At one time most Texas automobile liability insurance policies included a so-called family member exclusion which foreclosed liability coverage for any claim made by a family member against a family member. This exclusion was included in these policies based upon the insurance industry’s argument that providing coverage for claims by family members against family members would encourage fraud and collusion. In reality, excluded coverage for that class of individuals most likely to be injured, other than yourself, in an automobile collision other family members. It was in this backdrop that the Texas Supreme Court, in 1993, took up the issue of the family member exclusion in the case of National County Mutual Fire Insurance Co. v. Johnson, 879 S.W.2d 1 (Tex. 1993).
In Johnson, a policy holder’s truck collided with another automobile. His wife, a passenger in the truck, was injured and subsequently brought suit against him for negligence. Id. The policy-holder’s insurer, however, denied his request for a defense, stating that “Endorsement 575,” a family member exclusion clause, precluded coverage for a liability claim brought by a family member such as his wife. Id. The policy-holder filed a declaratory judgment action to determine his rights under the policy, while the insurer counterclaimed, asking the court to determine whether Endorsement 575 was valid under Texas law. Id.

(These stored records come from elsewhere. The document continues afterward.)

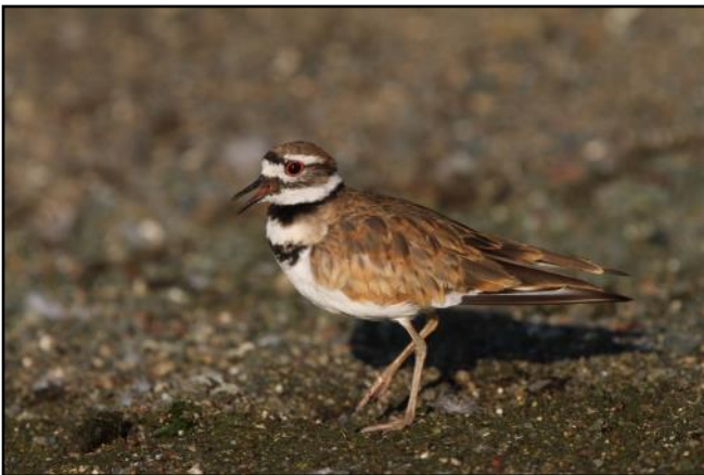
Adult killdeer.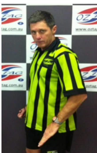
Fend (Stage 2)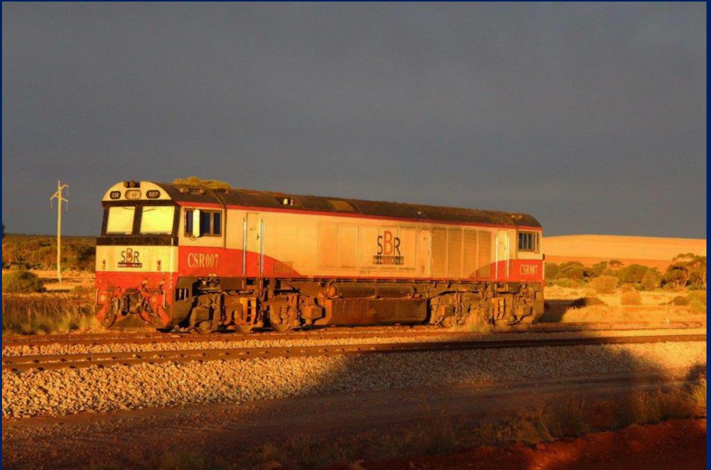
CSR007 stabled in engineers siding Parkeston 23/4 to be attached 1PM9 eastbound.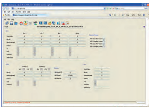
GUI, input page.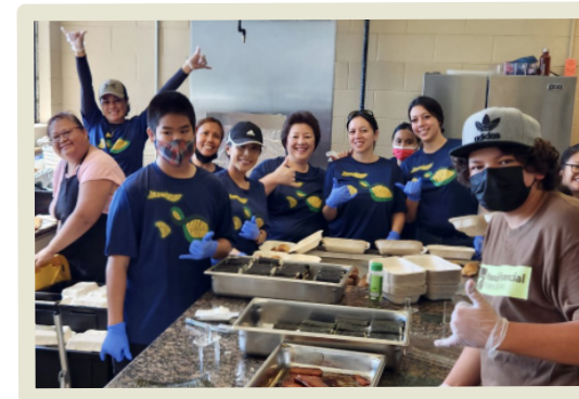
Employees lend their hands at the Binhi At Ani Bayanihan elderly feeding program.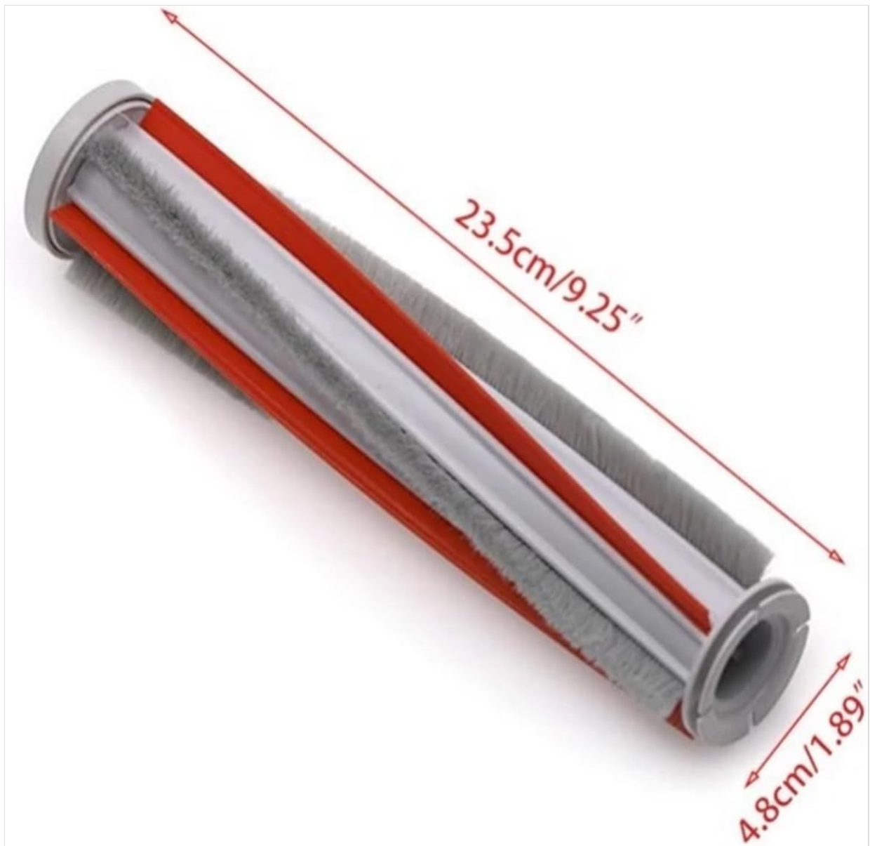
Figure 4: Main roller brush dimensions.

On appeal of an adverse judgment in the trial court against the insurer, the Texas Supreme Court held that to the extent the family member exclusion purported to deny a family member’s claim within the minimum liability insurance limits required by Texas law, such exclusion was invalid:
- Here, the Board’s approval of the family member exclusion results in a situation in which a claimant for damages resulting from an automobile accident is not allowed to recover damages under an automobile liability insurance policy that the legislature statutorily requires to protect such claimants from losses. The exclusion prevents a specific class of innocent victims, those persons related to and living with the negligent driver, from receiving financial protection under an insurance policy. Such a result is clearly contrary to the express legislative mandate. The Board’s action in approving a family member exclusion providing for such scenarios is inconsistent with the statutory purpose of the Act, and thus their approval of the exclusion is ineffective.
Id. at 3.
Hence, in Texas a family member may make a claim against a relative’s motor vehicle liability insurance for injuries received in a motor vehicle accident caused by that relatives negligence up to the minimum liability limited provided under Texas law currently $30,000 for each injured person, up to a total of $60,000 per accident, and $25,000 for property damage per accident. Despite this fact, even today insurers will sometimes purport to deny claims in their entirety under the family law exclusion. So arm yourself with the truth, and be aware that even if your automobile accident injuries were caused by the negligence of a family member, 30/60/25 coverage is still available to you as a matter of law.¹This basic coverage is referred to as 30/60/25 coverage.